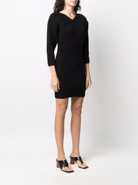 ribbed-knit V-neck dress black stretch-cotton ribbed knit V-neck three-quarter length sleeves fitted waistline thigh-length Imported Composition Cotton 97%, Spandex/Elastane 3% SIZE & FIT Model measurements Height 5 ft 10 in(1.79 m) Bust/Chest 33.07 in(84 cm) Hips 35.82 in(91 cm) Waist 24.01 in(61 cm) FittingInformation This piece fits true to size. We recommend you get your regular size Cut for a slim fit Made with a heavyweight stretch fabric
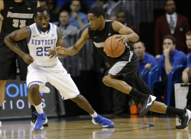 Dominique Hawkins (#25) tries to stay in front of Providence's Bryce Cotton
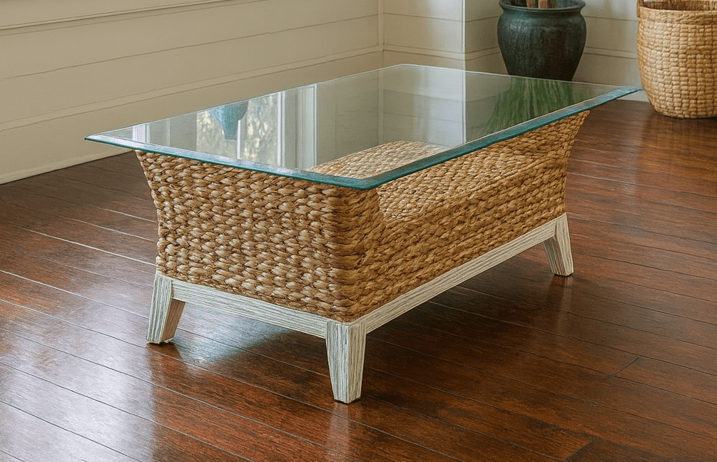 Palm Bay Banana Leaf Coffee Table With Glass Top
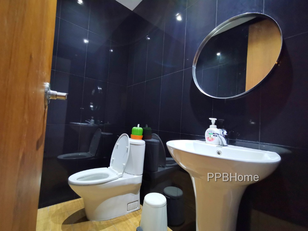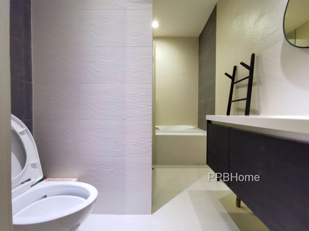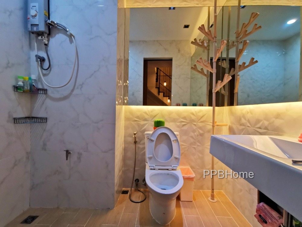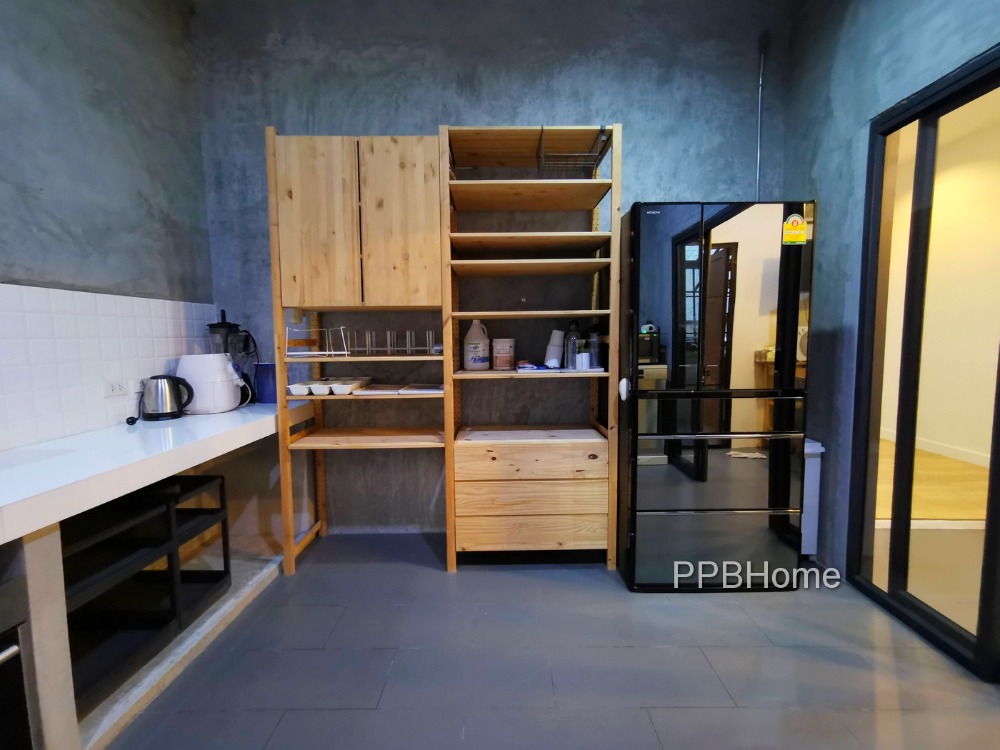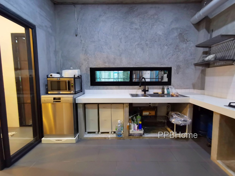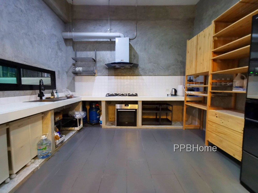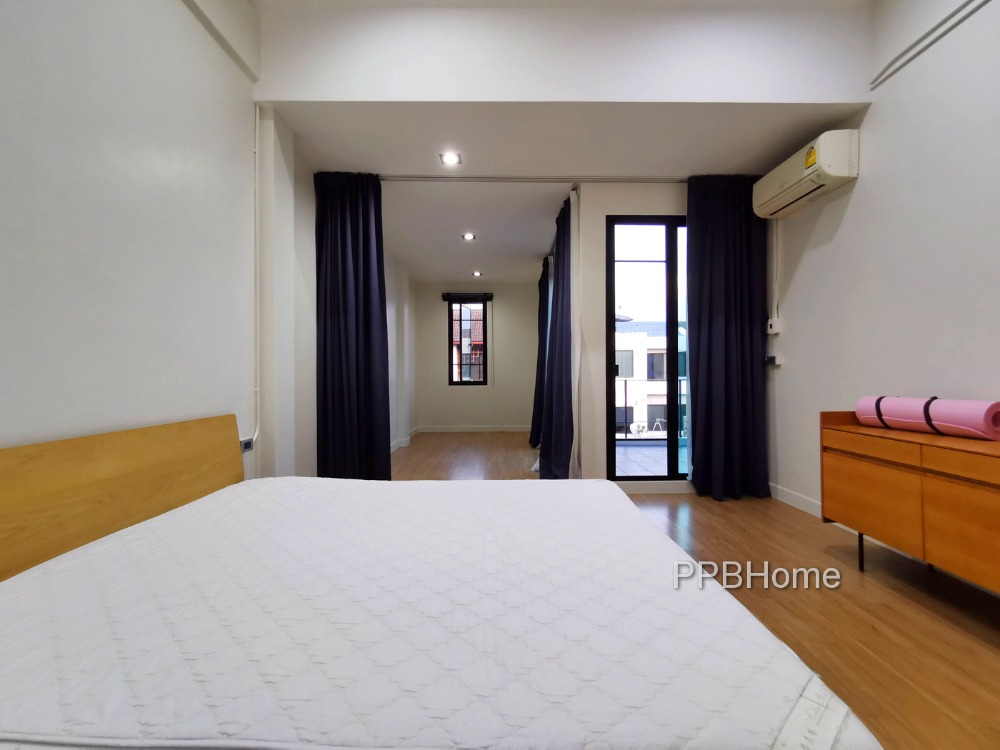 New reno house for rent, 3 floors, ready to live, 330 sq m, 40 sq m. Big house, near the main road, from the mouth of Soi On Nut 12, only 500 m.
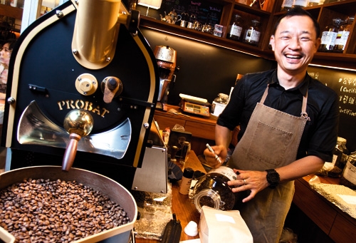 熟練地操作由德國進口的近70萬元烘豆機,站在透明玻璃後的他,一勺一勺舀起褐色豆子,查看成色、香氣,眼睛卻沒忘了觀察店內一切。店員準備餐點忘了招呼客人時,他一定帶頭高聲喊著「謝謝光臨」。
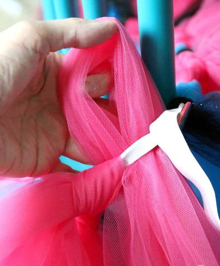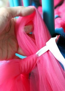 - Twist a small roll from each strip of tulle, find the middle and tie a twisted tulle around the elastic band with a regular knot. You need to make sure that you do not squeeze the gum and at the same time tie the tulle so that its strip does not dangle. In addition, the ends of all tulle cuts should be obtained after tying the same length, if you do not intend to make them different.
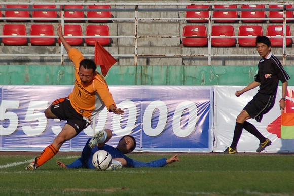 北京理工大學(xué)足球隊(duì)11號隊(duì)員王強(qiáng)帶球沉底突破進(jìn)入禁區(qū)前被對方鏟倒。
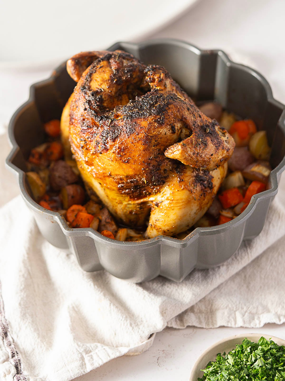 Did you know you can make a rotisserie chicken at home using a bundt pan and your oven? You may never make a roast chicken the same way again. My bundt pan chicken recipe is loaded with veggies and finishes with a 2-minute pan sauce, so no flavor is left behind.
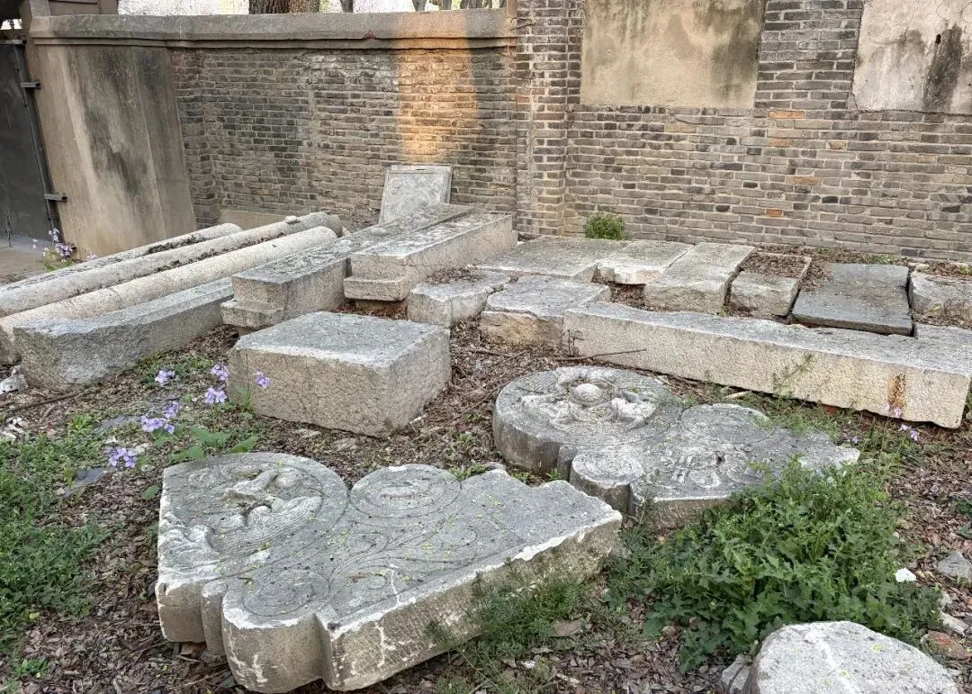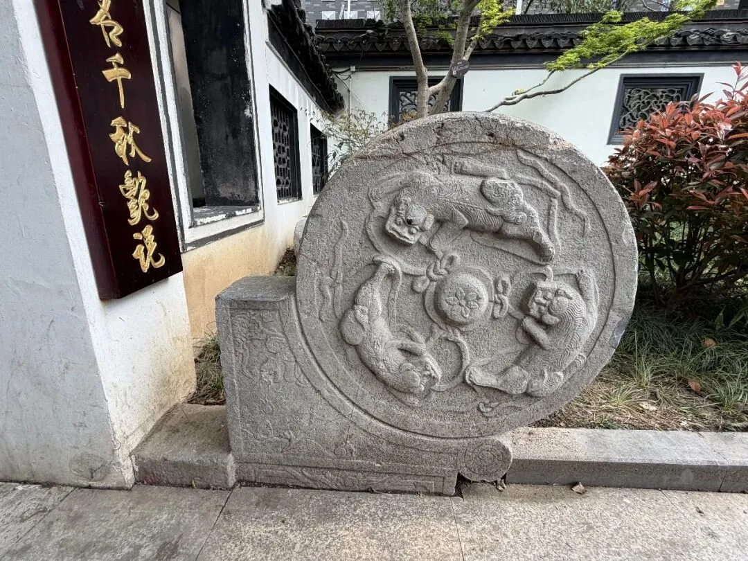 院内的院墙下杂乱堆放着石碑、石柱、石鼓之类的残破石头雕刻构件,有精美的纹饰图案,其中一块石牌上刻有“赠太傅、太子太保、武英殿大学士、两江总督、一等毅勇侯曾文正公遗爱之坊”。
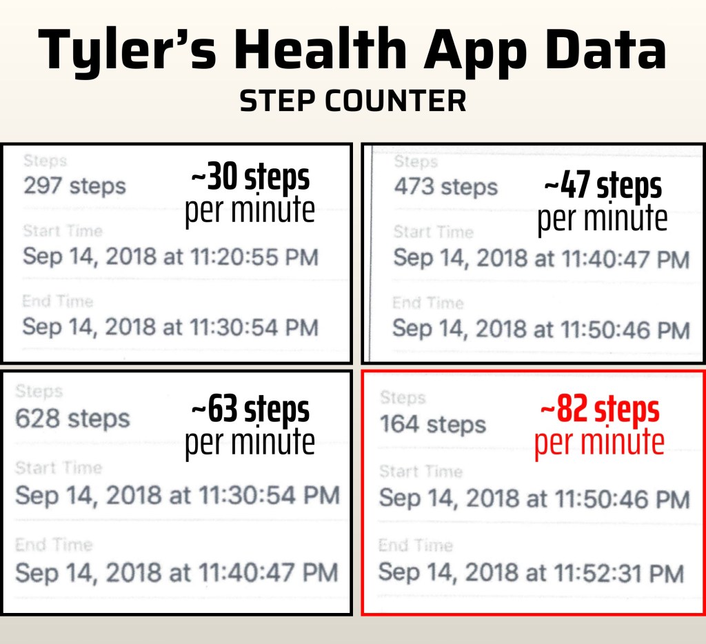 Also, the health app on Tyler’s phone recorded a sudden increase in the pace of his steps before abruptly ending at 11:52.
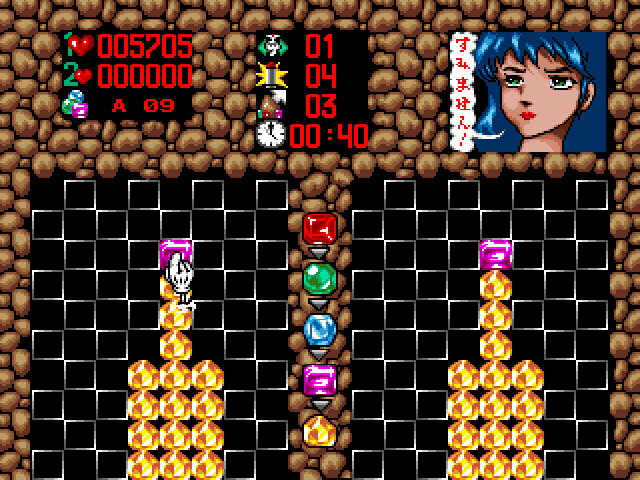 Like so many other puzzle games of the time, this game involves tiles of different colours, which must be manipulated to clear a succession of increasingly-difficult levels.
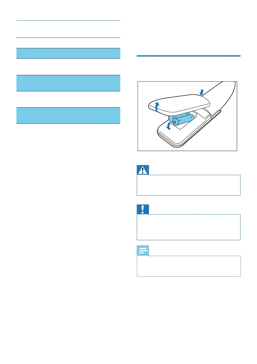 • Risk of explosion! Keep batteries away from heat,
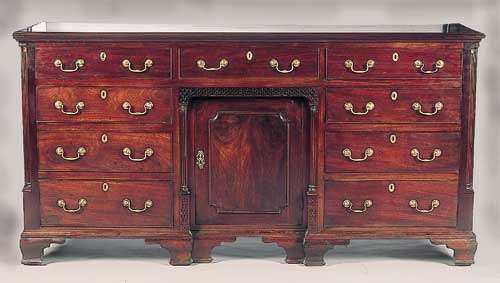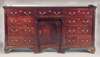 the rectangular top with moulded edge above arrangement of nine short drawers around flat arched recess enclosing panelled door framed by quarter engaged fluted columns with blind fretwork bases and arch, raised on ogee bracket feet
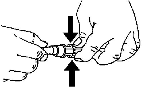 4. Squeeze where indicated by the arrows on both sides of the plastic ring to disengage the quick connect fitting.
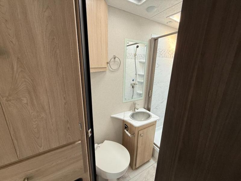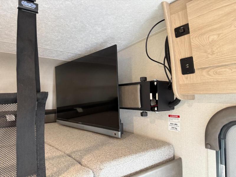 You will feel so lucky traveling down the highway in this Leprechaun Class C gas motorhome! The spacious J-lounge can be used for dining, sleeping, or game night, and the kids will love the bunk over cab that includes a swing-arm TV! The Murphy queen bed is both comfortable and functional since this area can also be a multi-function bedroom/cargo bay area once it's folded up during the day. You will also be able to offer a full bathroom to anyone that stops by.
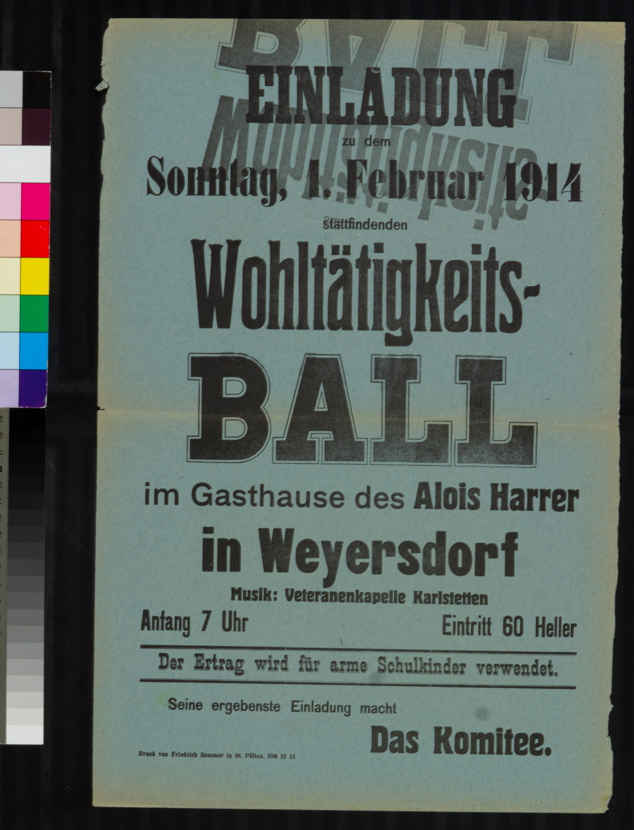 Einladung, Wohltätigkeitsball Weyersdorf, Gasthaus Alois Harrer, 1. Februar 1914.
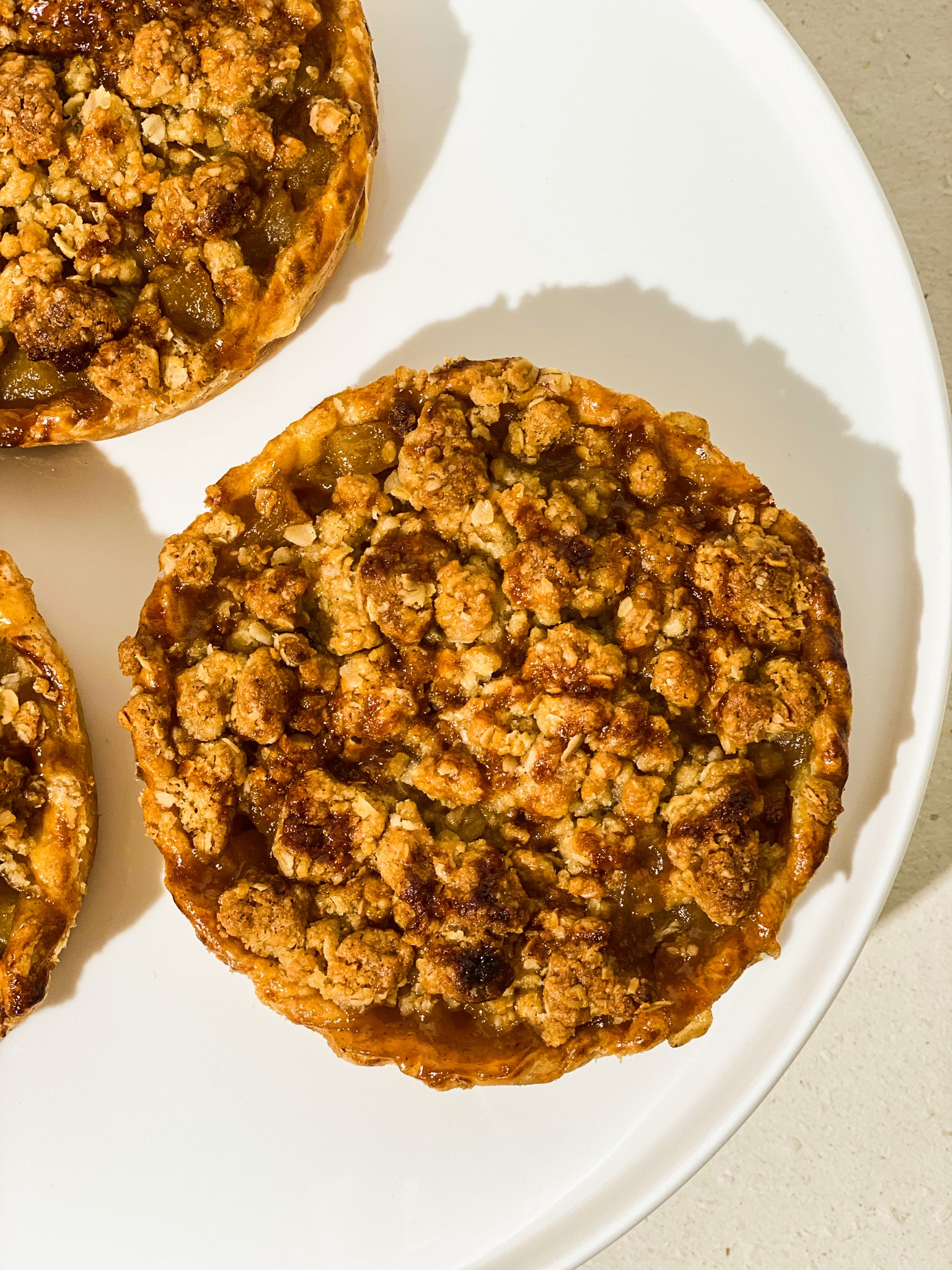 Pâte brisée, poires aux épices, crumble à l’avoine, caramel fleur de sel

====================

__WORK TO COMPLETE__
No pictures should appear in the copy, which holds exactly the lines from the first line of the data through the line with "北京理工大學(xué)足球隊" and nothing else.

__EXERCISE RESPONSE__
 ribbed-knit V-neck dress black stretch-cotton ribbed knit V-neck three-quarter length sleeves fitted waistline thigh-length Imported Composition Cotton 97%, Spandex/Elastane 3% SIZE & FIT Model measurements Height 5 ft 10 in(1.79 m) Bust/Chest 33.07 in(84 cm) Hips 35.82 in(91 cm) Waist 24.01 in(61 cm) FittingInformation This piece fits true to size. We recommend you get your regular size Cut for a slim fit Made with a heavyweight stretch fabric
 Dominique Hawkins (#25) tries to stay in front of Providence's Bryce Cotton
 Palm Bay Banana Leaf Coffee Table With Glass Top
 New reno house for rent, 3 floors, ready to live, 330 sq m, 40 sq m. Big house, near the main road, from the mouth of Soi On Nut 12, only 500 m.
 熟練地操作由德國進口的近70萬元烘豆機,站在透明玻璃後的他,一勺一勺舀起褐色豆子,查看成色、香氣,眼睛卻沒忘了觀察店內一切。店員準備餐點忘了招呼客人時,他一定帶頭高聲喊著「謝謝光臨」。
 - Twist a small roll from each strip of tulle, find the middle and tie a twisted tulle around the elastic band with a regular knot. You need to make sure that you do not squeeze the gum and at the same time tie the tulle so that its strip does not dangle. In addition, the ends of all tulle cuts should be obtained after tying the same length, if you do not intend to make them different.
 北京理工大學(xué)足球隊(duì)11號隊(duì)員王強(qiáng)帶球沉底突破進(jìn)入禁區(qū)前被對方鏟倒。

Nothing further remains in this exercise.